● **TASK REQUIREMENTS**:
Pictures are to be dropped from the copy. Retype the listing exactly.

● **RECORDED INFORMATION**:
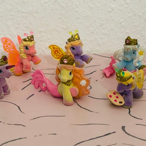 Lille fin fedronning, i plastik og blik fra 1953. Kjolen er hvid med glimmer, nøglen medfølger og virker som den skal. Æsken har lidt slitage men er i overvejende pæn stand.
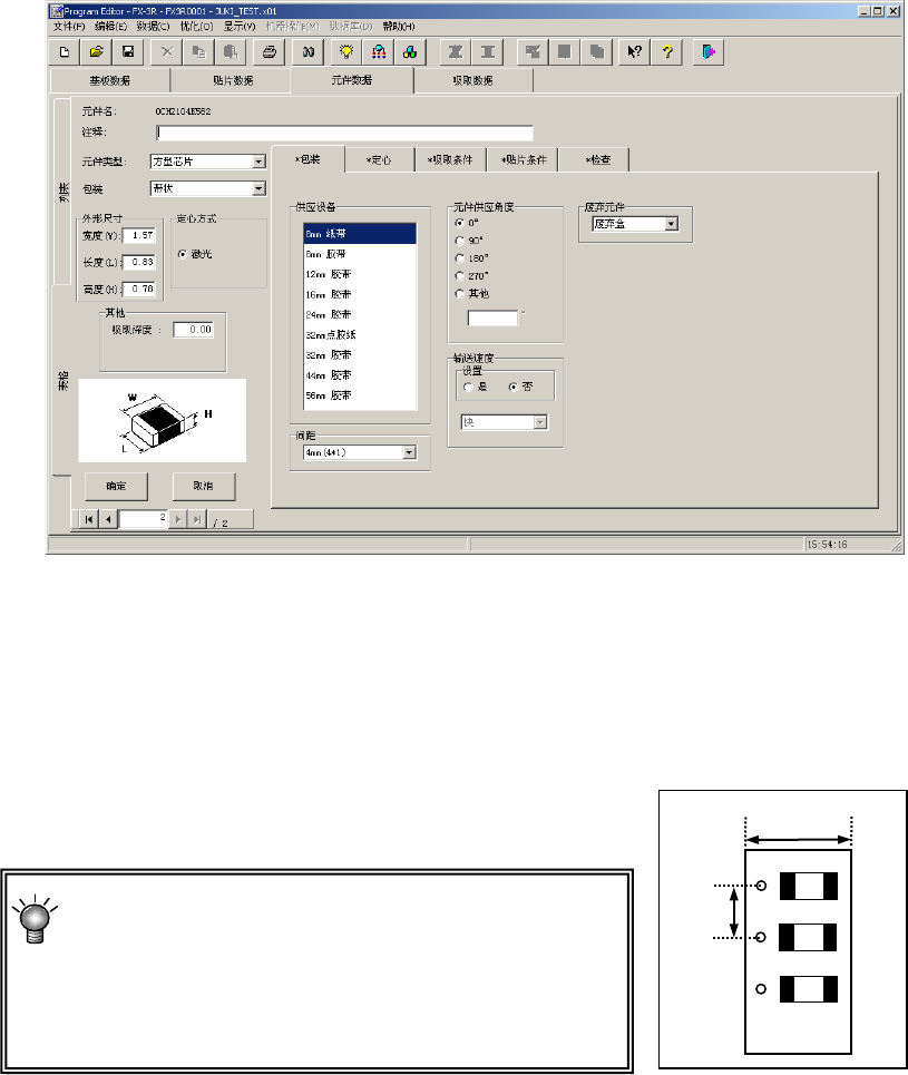 EPU 使用说明书 第 4 章 制作生产程序 4- 52 4-1-5-2-2 包装 (1) 带状的输入方法 图 4-1-5-2-2- 1 元件数据 ( 带状包装 ) 1) 供应设备 根据“包装”、 “供料器类型”的选择状 态,在列表框内显示可以 选择的供 应设备清单。 请从该列表中选 择 1 种。 2) 间距 选择带的传送间 距。 当带为 12mm ~ 72mm 时,请 根据带状供料器 的传送间 距来设置元 件数据的间距 。 例 ) 用…
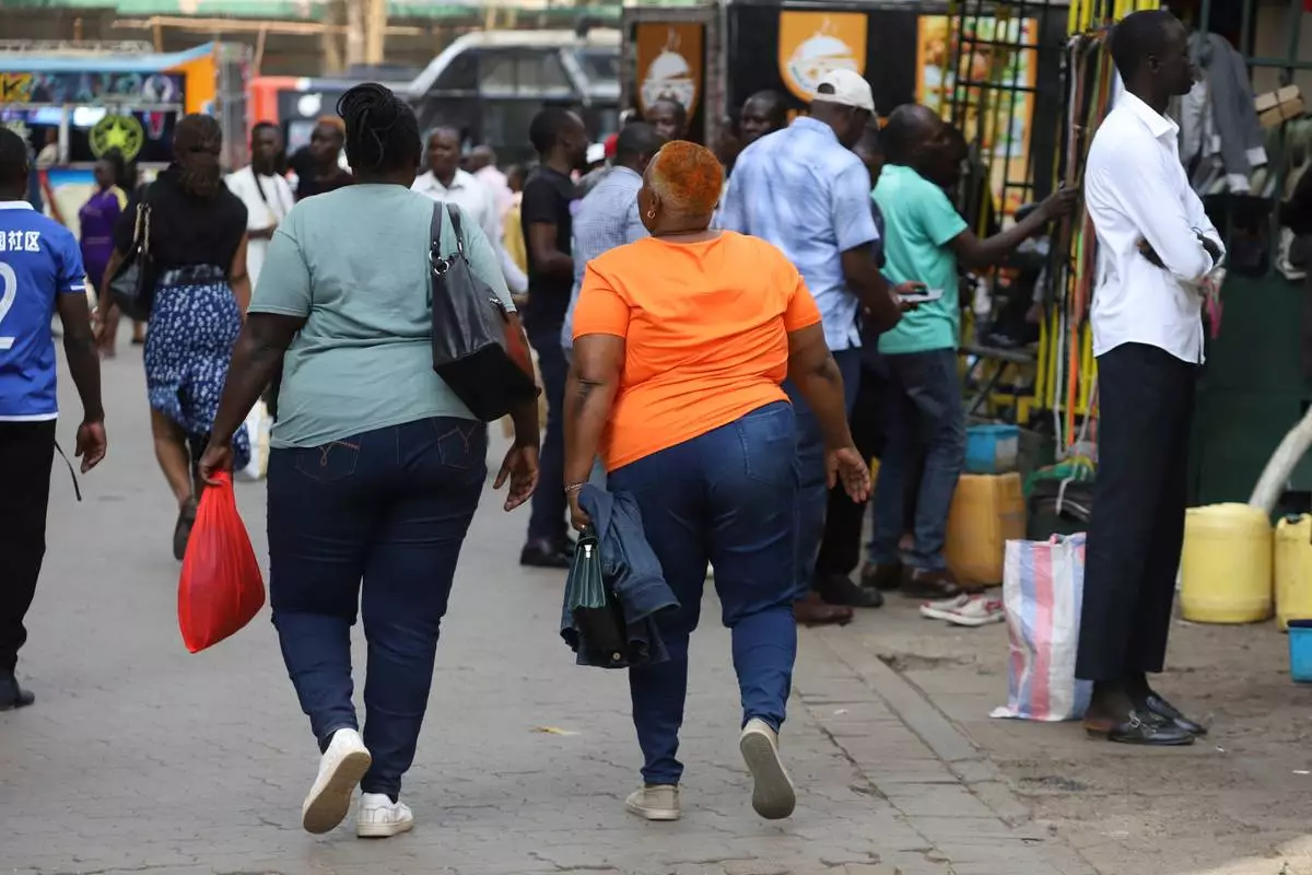 FILE - Women walk in the streets of Nairobi, Kenya, during World Obesity Day, March 4, 2025. (AP Photo/Andrew Kasuku, File)

● **EXPECTED ANSWER**:
 Lille fin fedronning, i plastik og blik fra 1953. Kjolen er hvid med glimmer, nøglen medfølger og virker som den skal. Æsken har lidt slitage men er i overvejende pæn stand.
 EPU 使用说明书 第 4 章 制作生产程序 4- 52 4-1-5-2-2 包装 (1) 带状的输入方法 图 4-1-5-2-2- 1 元件数据 ( 带状包装 ) 1) 供应设备 根据“包装”、 “供料器类型”的选择状 态,在列表框内显示可以 选择的供 应设备清单。 请从该列表中选 择 1 种。 2) 间距 选择带的传送间 距。 当带为 12mm ~ 72mm 时,请 根据带状供料器 的传送间 距来设置元 件数据的间距 。 例 ) 用…
 FILE - Women walk in the streets of Nairobi, Kenya, during World Obesity Day, March 4, 2025. (AP Photo/Andrew Kasuku, File)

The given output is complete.